I had a buddy who made a deal regarding sex. His wife wanted 'roll shutters' on the outside of the house. They made a deal that she would have sex three times a week for the next 6 months if he agreed to the roll shutters.

They got divorced a couple of years later. 

You can pay for sex. But you can't pay for love.


----------



## mildlyperplexed (Feb 3, 2013)

SadSamIAm said:


> I had a buddy who made a deal regarding sex. His wife wanted 'roll shutters' on the outside of the house. They made a deal that she would have sex three times a week for the next 6 months if he agreed to the roll shutters.
> 
> They got divorced a couple of years later.
> 
> You can pay for sex. But you can't pay for love.
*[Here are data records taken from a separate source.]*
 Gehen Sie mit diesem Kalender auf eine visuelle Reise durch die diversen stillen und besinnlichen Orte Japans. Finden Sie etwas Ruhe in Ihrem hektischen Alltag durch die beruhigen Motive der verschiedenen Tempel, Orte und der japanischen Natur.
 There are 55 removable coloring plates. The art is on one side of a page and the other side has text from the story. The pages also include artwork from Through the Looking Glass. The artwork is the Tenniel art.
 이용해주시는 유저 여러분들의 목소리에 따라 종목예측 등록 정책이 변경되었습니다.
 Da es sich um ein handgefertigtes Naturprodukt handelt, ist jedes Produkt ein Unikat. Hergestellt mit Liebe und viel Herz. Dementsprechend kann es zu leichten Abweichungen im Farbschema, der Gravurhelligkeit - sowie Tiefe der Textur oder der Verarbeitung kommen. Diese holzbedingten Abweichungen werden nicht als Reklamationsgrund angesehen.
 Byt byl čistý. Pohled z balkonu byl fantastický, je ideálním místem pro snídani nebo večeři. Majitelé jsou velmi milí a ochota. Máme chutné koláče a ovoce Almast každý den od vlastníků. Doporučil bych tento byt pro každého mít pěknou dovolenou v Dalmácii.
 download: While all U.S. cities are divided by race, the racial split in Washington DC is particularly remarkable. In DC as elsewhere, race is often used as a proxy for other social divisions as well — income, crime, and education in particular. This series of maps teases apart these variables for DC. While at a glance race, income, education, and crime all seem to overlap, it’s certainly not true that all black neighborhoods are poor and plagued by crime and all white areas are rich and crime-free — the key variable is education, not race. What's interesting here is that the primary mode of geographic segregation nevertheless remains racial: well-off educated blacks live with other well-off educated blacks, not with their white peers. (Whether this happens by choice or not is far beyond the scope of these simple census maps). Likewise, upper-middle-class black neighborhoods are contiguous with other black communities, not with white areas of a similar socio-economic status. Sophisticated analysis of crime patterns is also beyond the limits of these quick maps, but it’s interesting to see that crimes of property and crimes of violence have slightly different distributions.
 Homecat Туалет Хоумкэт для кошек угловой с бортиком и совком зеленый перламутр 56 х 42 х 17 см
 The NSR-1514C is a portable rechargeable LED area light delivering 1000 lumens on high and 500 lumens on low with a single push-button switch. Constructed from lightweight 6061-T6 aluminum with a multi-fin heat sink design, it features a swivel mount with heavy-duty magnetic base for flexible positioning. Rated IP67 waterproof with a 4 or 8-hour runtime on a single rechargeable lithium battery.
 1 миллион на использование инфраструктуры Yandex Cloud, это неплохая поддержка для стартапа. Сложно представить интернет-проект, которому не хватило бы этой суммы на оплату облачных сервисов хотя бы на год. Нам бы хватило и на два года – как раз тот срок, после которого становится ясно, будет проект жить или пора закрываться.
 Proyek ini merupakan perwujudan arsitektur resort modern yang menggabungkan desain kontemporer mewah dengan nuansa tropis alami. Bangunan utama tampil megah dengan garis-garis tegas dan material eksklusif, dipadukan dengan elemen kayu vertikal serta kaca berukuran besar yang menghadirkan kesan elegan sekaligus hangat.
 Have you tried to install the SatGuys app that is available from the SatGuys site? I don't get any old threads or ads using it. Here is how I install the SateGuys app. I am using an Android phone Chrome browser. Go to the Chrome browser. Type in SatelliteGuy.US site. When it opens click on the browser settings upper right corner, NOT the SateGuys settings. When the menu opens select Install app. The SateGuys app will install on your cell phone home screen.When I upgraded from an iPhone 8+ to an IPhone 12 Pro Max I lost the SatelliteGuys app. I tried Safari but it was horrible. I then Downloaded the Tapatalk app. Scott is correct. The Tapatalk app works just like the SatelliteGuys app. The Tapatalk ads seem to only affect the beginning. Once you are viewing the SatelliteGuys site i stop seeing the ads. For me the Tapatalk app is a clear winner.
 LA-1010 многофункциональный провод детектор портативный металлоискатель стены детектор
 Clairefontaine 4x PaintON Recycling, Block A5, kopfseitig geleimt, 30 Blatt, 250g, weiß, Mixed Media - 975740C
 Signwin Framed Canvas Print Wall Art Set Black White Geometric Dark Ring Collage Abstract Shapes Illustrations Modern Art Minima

True but there's also nothing wrong with a bit of cheeky role play


----------



## totamm (May 1, 2012)

SadSamIAm said:


> I had a buddy who made a deal regarding sex. His wife wanted 'roll shutters' on the outside of the house. They made a deal that she would have sex three times a week for the next 6 months if he agreed to the roll shutters.
> 
> They got divorced a couple of years later.
> 
> You can pay for sex. But you can't pay for love.


I doubt they got divorced because of the deal they made.

He made the deal because he wasn't getting sex, because there were problems in the marriage that could not be fixed by making a deal and since they were not properly addressed, eventually everything crashed and burned.


----------